Abbott’s Metal Shop Destroyed

Abbott’s Metal Shop Destroyed

From the Colon Express, November 20, 1952:”Good Work of Firemen Saves Other Buildings

Abbott’s Magic Novelty Company is gradually getting its several departments organized from the effects of the fire Saturday morning which completely wiped out the metal shop building on Canal Street, together with all the machinery and supplies in storage.

The fire was discovered shortly after 4:00 o’clock Saturday morning and had evidently been burning for some time, getting a good start. The fire started in the front part of the building and when heat or an explosion from inside shattered the front windows, the noise aroused Mrs. Anna Whitford and daughter, Mrs.

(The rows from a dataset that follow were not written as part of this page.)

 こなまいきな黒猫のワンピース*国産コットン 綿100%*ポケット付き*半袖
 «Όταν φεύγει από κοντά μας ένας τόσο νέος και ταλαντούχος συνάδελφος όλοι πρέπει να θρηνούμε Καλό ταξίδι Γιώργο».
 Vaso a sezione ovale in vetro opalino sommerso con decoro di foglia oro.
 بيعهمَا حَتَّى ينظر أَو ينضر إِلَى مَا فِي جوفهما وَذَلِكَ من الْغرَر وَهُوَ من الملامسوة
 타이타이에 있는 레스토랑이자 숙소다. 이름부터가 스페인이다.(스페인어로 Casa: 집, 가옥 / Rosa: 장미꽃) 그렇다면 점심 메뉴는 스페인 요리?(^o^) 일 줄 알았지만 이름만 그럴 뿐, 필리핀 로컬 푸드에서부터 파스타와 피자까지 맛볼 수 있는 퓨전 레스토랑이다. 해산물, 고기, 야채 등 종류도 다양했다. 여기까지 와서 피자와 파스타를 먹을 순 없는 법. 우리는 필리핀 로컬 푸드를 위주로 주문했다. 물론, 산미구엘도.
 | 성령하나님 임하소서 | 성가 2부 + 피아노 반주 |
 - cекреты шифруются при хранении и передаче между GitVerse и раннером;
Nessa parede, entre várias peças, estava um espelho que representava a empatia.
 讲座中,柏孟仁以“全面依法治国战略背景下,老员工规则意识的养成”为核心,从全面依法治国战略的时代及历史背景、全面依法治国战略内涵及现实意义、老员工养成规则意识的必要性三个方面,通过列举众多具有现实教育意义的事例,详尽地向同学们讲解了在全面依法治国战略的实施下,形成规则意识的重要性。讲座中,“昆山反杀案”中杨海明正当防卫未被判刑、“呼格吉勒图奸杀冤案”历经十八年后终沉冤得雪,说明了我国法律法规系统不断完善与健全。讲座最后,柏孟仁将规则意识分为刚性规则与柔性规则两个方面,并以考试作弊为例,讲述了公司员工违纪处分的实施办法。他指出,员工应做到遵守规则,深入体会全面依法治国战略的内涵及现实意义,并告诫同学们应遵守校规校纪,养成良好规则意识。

W. C. Schultz, who turned in the alarm.

The Colon firemen responded quickly and realizing more help was needed to confine the blaze to the one building, the Burr Oak truck was called. The firemen did a good job confining the blaze to the Abbott building which was completely destroyed within an hour.

The Whitford home, garage and barn were all in the danger zone to the west and south of the burning building, but all were saved, but somewhat damaged. The house will need new windows and repainting. The Farrand barn, just across the alley to the east, was also saved, with considerable damage to the siding.

The south part of the building was of cement block construction and it was those walls which protected the adjoining buildings, possibly preventing more serious results.

The Abbott’s have five buildings, each housing a different department. The burned structure housed much of the metal working equipment and machinery, as well as hard-to-replace metal supplies. All the stage equipment, tents and chairs, used for the big get-together, were stored in the upper story of the building. All was consumed in the blaze.

Percy Abbott was in Chicago on business and arrived home a few hours after being notified of the loss. Recil Bordner, the other member of the company, was at the scene of the fire but unable to rescue more than a few plans and blueprints. The loss is partially covered by insurance. Many of the secret patterns and drawings will be difficult to replace.

The owners are undecided as yet regarding rebuilding at the same site.”